Supreme Court Passes on Maryland AR-15 Ban: What It Means for California Gun Owners

Supreme Court Passes on Maryland AR-15 Ban: What It Means for California Gun Owners

By The Davis Law Firm, www.calgunlawyers.com

On a quiet June morning in 2025, the U.S. Supreme Court sent ripples through the firearms community by declining to hear Snope v. Brown, a case challenging Maryland’s ban on AR-15 rifles. For California gun owners, who face some of the nation’s strictest firearms laws, this decision—or lack thereof—carries weight. At The Davis Law Firm, we’ve been fighting for Second Amendment rights in the Golden State for years, and we’re here to break down what happened, why it matters, and what it means for cases like Miller v. Bonta, which challenges California’s own assault weapon ban. This is a story of legal battles, judicial chess moves, and a fight for the right to keep and bear arms that’s far from over.

The Battle in Maryland: Snope v. Brown

Picture a Maryland gun owner, much like many of our clients in California, who cherishes their AR-15—a semi-automatic rifle prized for self-defense, sport, and its modular design. Maryland’s law (Md. Crim. Law Code Ann. §4-303(a)(2) (2025)) bans these rifles, labeling them “assault weapons.” David Snope and others challenged this ban, arguing it violates the Second Amendment. They leaned on a landmark case, District of Columbia v. Heller (2008), which guarantees the right to possess weapons in “common use” by law-abiding citizens. With an estimated 20–30 million AR-15s owned nationwide and legal in 41 states, the petitioners had a compelling case: AR-15s are as American as apple pie.
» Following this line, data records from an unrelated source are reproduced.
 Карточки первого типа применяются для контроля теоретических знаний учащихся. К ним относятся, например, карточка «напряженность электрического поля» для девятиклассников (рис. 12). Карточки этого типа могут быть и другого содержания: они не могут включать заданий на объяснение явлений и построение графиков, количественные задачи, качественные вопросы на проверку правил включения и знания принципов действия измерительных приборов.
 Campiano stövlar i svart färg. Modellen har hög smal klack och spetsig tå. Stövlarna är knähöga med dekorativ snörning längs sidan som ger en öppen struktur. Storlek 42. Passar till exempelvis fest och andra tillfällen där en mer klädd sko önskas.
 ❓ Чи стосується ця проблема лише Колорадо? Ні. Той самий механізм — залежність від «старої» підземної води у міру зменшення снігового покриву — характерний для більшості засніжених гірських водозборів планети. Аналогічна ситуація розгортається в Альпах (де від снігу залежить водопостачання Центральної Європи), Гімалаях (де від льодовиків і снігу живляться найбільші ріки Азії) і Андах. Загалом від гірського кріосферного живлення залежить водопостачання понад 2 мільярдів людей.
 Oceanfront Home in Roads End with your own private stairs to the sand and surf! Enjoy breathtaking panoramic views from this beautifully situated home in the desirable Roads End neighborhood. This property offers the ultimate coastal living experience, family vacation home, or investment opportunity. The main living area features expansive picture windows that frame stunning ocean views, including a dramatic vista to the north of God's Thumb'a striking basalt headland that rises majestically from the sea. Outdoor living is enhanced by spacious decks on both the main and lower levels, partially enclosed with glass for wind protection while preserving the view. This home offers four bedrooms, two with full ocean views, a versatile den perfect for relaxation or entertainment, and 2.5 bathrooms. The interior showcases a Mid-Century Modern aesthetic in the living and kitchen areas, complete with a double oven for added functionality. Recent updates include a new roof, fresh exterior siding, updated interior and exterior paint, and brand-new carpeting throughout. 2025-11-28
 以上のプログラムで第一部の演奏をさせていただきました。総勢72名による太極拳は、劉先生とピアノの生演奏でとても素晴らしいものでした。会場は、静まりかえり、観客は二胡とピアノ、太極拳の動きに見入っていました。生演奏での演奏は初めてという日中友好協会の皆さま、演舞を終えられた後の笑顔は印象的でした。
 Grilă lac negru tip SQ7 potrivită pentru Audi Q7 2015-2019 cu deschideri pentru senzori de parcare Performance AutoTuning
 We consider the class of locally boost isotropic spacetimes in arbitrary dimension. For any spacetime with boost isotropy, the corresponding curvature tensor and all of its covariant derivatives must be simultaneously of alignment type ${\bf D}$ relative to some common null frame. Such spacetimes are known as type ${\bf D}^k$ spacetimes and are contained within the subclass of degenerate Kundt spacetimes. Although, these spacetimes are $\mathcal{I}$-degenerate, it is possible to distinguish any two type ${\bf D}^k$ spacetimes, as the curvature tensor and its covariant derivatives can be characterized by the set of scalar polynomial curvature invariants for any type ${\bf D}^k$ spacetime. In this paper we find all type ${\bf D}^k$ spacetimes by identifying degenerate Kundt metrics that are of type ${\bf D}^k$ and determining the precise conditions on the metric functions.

But the Fourth Circuit Court of Appeals, in Bianchi v. Brown (111 F. 4th 438 (2024)), slammed the door shut. It ruled that AR-15s are “dangerous and unusual” weapons, not protected “arms” under the Second Amendment, and placed the burden on challengers to prove otherwise—a move that clashed with New York State Rifle & Pistol Assn., Inc. v. Bruen (2022), which requires the government to justify gun restrictions with historical analogues. The petitioners appealed to the Supreme Court, hoping for clarity. Instead, on June 2, 2025, the Court denied certiorari, leaving Maryland’s ban intact and sparking a firestorm of debate.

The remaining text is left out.